“No. It was an arranged marriage,” I reply flatly.
Aarav lets out a breath.
“Good.”
“Do you have any issues marrying me?” he asks next, as casually as if he’s asking me to pass the salt.
A scoff escapes me. “Of course I do! Don’t do this out of guilt. And don’t listen to my mother. I don’t want to marry you. Or anyone else.”
I step back. The words slip out too fast. Why? Why now? “This isn’t a solution, Anika.” My name on his lips feels wrong. It’s been so long. He used to call me Anu. Hearing Anika from him still feels strange.
“What even makes you think I should marry you?” I snap, anger rising again.
He turns to face me fully now. Calm. Seriously?
“Because your mother’s health isn’t good. She needs to see you settled,” he says, like it’s the most logical thing in the world.
I clench my fists. “You think you can just show up after twelve years and fix everything with a marriage proposal? What are you even trying to do?”

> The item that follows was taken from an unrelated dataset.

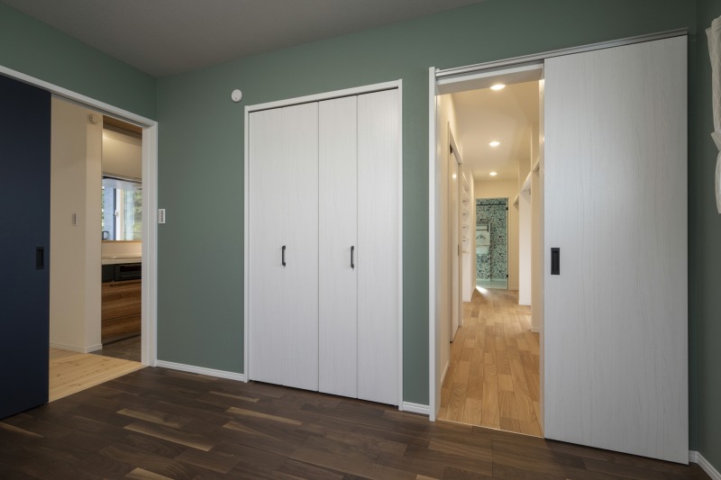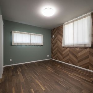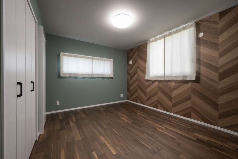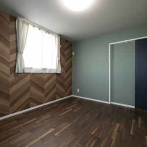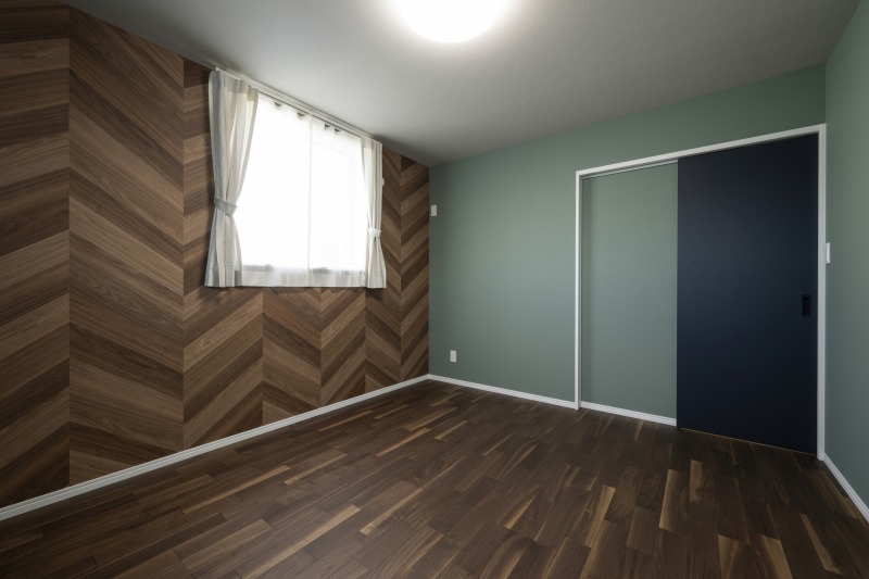 木目調&グリーンの壁紙がお気に入りの主寝室

“I’m not trying to fix anything,” he says calmly, but there’s an edge in his voice. “There’s nothing left to fix.”
His words hit me in the gut like a punch. He’s right. But that still hurts. “Then what are you trying to do?” I yell, my voice cracking. My body shakes with vulnerable anger.
“Protect you.” I freeze. Protect me? I fold my arms across my chest.
“How exactly are you protecting me?” I laugh. But it’s a painful one. “I don’t need your protection now.” I clench my jaw. Who gives him the right to barge into my life after all these years and say, Oh, I am protecting you?
“Vikram,” he replies, rubbing his fingers across his forehead like I’m giving him a headache.
You know what, dude? Same.
“You know he’ll come back for you.” He sighs. “He’s not a good man. You should stay away from him,” he says.
I know every word is true. But marrying Aarav means chaos. In my life. In my heart.
“Just six months, Anika,” he says, his voice softer this time.
Confusion clouds my gaze. He continues before I can respond. “I’ll leave after that.”
And just like that, he punches the air out of my lungs. Again.
Six months? Six. Months. I stare at him, completely thrown off.
“You… you can’t be serious.” A marriage proposal and a divorce proposal—together? Wow. How lucky I must be.
Tears blur my vision. His figure blurs before my eyes. I quickly blink them away, and my vision clears.
He raises an eyebrow, unbothered. How cruel he’s become. “Why? Is six months too much of a commitment for you?”
My jaw tightens. Commitment? He’s really going to talk about commitment? This man—this man who promised to always be there, who used to say I was his forever, who disappeared without a word? He doesn’t get to say that word.
My blood boils at his audacity. He dares talk about commitment when he was the one who abandoned me.
I kept sending him letters. I kept writing to him for years. But I never got a response. It was as if I was never part of his life, as if he had forgotten about me. As if it was easy for him.
“You’ve got some nerve,” I whisper.
I laugh. It’s hollow. Bitter.Nothing’s funny, but I can’t help it. An ache blooms in my chest. The weight of the lehenga wears me down. I nearly stumble.